■ RAW DATA ■
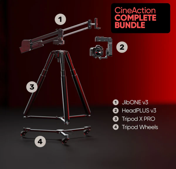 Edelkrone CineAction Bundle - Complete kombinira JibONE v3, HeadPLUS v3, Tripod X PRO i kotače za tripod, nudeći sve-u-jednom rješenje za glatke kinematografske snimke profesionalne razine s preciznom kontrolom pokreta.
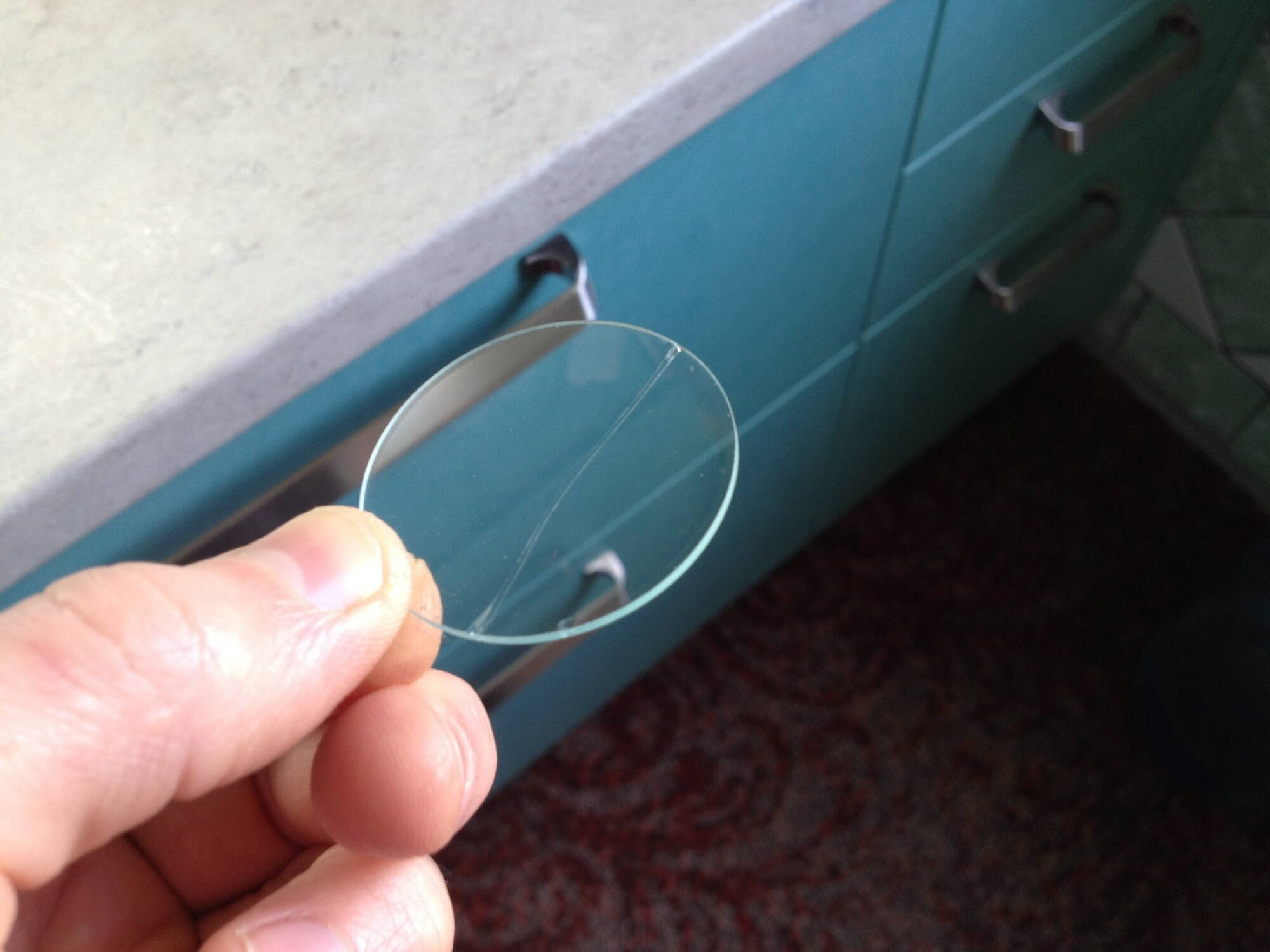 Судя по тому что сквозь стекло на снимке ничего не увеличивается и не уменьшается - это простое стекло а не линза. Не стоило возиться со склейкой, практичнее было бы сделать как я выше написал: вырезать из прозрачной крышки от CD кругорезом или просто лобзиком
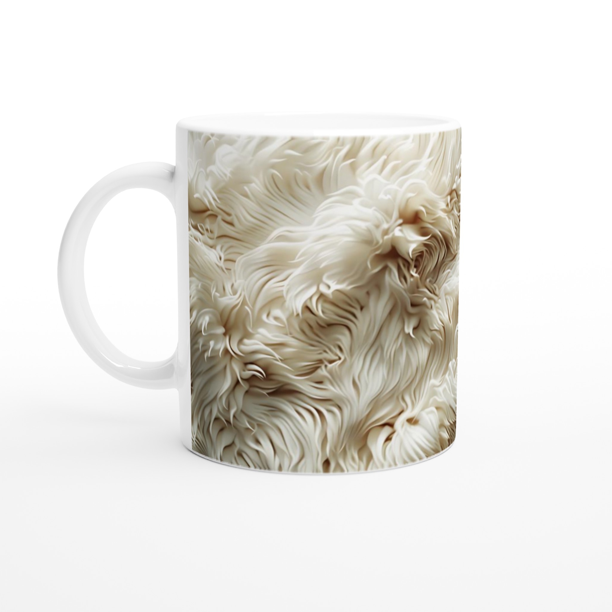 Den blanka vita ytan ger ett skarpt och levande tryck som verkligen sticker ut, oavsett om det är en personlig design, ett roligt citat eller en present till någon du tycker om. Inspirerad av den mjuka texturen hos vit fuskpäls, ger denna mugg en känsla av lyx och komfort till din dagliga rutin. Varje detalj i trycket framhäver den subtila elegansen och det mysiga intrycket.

■ YOUR OBJECTIVE ■
Please copy out the whole listing exactly, minus its pictures.

■ WRITTEN ANSWER ■
 Edelkrone CineAction Bundle - Complete kombinira JibONE v3, HeadPLUS v3, Tripod X PRO i kotače za tripod, nudeći sve-u-jednom rješenje za glatke kinematografske snimke profesionalne razine s preciznom kontrolom pokreta.
 Судя по тому что сквозь стекло на снимке ничего не увеличивается и не уменьшается - это простое стекло а не линза. Не стоило возиться со склейкой, практичнее было бы сделать как я выше написал: вырезать из прозрачной крышки от CD кругорезом или просто лобзиком
 Den blanka vita ytan ger ett skarpt och levande tryck som verkligen sticker ut, oavsett om det är en personlig design, ett roligt citat eller en present till någon du tycker om. Inspirerad av den mjuka texturen hos vit fuskpäls, ger denna mugg en känsla av lyx och komfort till din dagliga rutin. Varje detalj i trycket framhäver den subtila elegansen och det mysiga intrycket.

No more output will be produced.